(DATASET begins)

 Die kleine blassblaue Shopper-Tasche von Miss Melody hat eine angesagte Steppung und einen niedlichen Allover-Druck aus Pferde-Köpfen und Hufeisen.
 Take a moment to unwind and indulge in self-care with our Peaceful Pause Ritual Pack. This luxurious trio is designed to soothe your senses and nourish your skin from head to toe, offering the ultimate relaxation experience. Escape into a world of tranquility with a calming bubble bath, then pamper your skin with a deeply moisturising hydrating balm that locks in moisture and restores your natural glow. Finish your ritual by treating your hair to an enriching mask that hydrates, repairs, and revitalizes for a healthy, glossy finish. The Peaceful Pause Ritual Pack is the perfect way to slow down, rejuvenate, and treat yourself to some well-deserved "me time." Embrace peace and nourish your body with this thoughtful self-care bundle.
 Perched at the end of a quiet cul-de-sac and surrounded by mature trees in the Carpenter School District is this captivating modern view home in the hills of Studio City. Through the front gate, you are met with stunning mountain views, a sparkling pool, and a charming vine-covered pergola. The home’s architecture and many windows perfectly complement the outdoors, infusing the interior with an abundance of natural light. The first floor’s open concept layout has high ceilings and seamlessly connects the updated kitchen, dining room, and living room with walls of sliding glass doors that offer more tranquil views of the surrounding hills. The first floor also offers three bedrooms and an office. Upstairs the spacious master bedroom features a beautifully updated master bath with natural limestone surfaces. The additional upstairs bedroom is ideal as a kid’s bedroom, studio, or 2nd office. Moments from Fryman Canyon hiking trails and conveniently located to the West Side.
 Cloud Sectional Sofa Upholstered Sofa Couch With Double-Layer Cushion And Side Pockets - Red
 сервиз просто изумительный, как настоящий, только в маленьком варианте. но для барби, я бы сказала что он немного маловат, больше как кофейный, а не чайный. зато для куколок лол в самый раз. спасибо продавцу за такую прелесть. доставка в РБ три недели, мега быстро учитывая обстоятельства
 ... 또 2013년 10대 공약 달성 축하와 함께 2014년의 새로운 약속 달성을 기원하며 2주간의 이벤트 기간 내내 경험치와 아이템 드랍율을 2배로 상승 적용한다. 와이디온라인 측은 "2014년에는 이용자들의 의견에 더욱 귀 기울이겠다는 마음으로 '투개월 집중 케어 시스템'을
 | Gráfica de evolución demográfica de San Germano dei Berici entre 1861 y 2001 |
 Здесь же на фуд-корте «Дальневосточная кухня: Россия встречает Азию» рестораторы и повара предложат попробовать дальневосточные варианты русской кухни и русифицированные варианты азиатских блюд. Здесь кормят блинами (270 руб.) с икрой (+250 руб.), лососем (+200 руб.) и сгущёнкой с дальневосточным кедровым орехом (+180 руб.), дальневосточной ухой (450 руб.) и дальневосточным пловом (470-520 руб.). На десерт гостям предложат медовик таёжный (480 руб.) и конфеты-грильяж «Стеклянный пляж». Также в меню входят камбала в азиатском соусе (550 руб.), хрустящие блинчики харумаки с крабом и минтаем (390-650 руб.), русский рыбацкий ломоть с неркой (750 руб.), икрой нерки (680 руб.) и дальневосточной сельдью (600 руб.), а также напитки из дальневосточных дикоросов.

(DATASET ends)

WORK INSTRUCTIONS —
Please, from the entries above, set down exactly the lines from the one containing "Cloud Sectional Sofa" through the one containing "сервиз просто изумительный, как", and only those.

WRITTEN REPLY —
 Cloud Sectional Sofa Upholstered Sofa Couch With Double-Layer Cushion And Side Pockets - Red
 сервиз просто изумительный, как настоящий, только в маленьком варианте. но для барби, я бы сказала что он немного маловат, больше как кофейный, а не чайный. зато для куколок лол в самый раз. спасибо продавцу за такую прелесть. доставка в РБ три недели, мега быстро учитывая обстоятельства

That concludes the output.